Domino Man is an action game released in arcades by Bally Midway in 1983. The player controls a bespectacled, balding man, wearing a turtleneck sweater and sporting a mustache, who attempts to set up giant dominoes across the screen. The background music is "Maple Leaf Rag" by Scott Joplin.

== Gameplay ==
The goal of Domino Man is to set up a domino on every site marked by a black dot. Meanwhile, pedestrians meander throughout the playfield and may wander into dominoes, knocking them over. Domino Man can shove them away from the dominoes. A killer bee constantly appears trying to sting Domino Man. There is also a neighborhood bully who is much larger than Domino Man (who can be stunned but not shoved), and an invincible walking clock. Domino Man can set up dominoes, swing a domino as a weapon, and remove placed dominoes (which can be used to stop a cascade of falling dominoes). A Domino Man is lost if he is stung or the leftmost domino is disturbed.

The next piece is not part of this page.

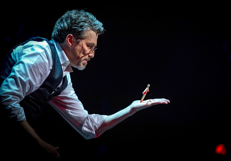 One of Hass' most moving demonstrations of his own thinking actually occurs between the acts, during the intermission. As the audience gradually returns to their seats, they find Hass already on stage, subtly lit, sitting in a comfy chair, perusing a beloved book of classic magic posters. Wordlessly, casually, he reveals himself doing what he really does do in his daily life: studying, celebrating, meditating upon his mentors and his inspirations, luxuriating in the history, the glamor, and the human stories that have carried him to this day. After the standing ovation, I overheard an audience member exclaiming that it was the intermission, ironically, that offered him the most profound moments of the entire show.
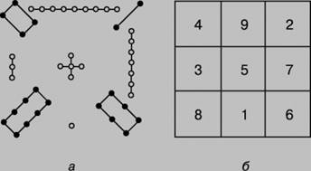 Магический квадрат – древнекитайского происхождения. Согласно легенде, во времена правления императора Ю (ок. 2200 до н.э.) из вод Хуанхэ (Желтой реки) всплыла священная черепаха, на панцире которой были начертаны таинственные иероглифы (рис. 1, а), и эти знаки известны под названием ло-шу и равносильны магическому квадрату, изображенному на рис. 1, б. В 11 в. о магических квадратах узнали в Индии, а затем в Японии, где в 16 в. магическим квадратам была посвящена обширная литература. Европейцев с магическими квадратами познакомил в 15 в. византийский писатель Э.Мосхопулос. Первым квадратом, придуманным европейцем, считается квадрат А.Дюрера (рис. 2), изображенный на его знаменитой гравюре Меланхолия 1. Дата создания гравюры (1514) указана числами, стоящими в двух центральных клетках нижней строки. Магическим квадратам приписывали различные мистические свойства. В 16 в. Корнелий Генрих Агриппа построил квадраты 3-го, 4-го, 5-го, 6-го, 7-го, 8-го и 9-го порядков, которые были связаны с астрологией 7 планет. Бытовало поверье, что выгравированный на серебре магический квадрат защищает от чумы. Даже сегодня среди атрибутов европейских прорицателей можно увидеть магические квадраты.

After the player has set up all the dominoes, they will have a choice to either knock down all the dominoes or continue play in hopes of increasing the domino bonus value. After they have made the choice, they will move on to the next screen. If the player loses a life while trying to go for a higher bonus, the bonus resets to its base value (100). When the player chooses to knock down the dominoes, they then score the bonus value for each domino that falls down. The bonus then resets to 100.

When the game is over, a poem is displayed to evaluate the player's performance. For example:

Roses are red
Or so goes the verse,
You set up 52—
You could have done worse.

The main character in this game is very similar (if not the same) as the bartender in Tapper and one of the Timber lumberjacks.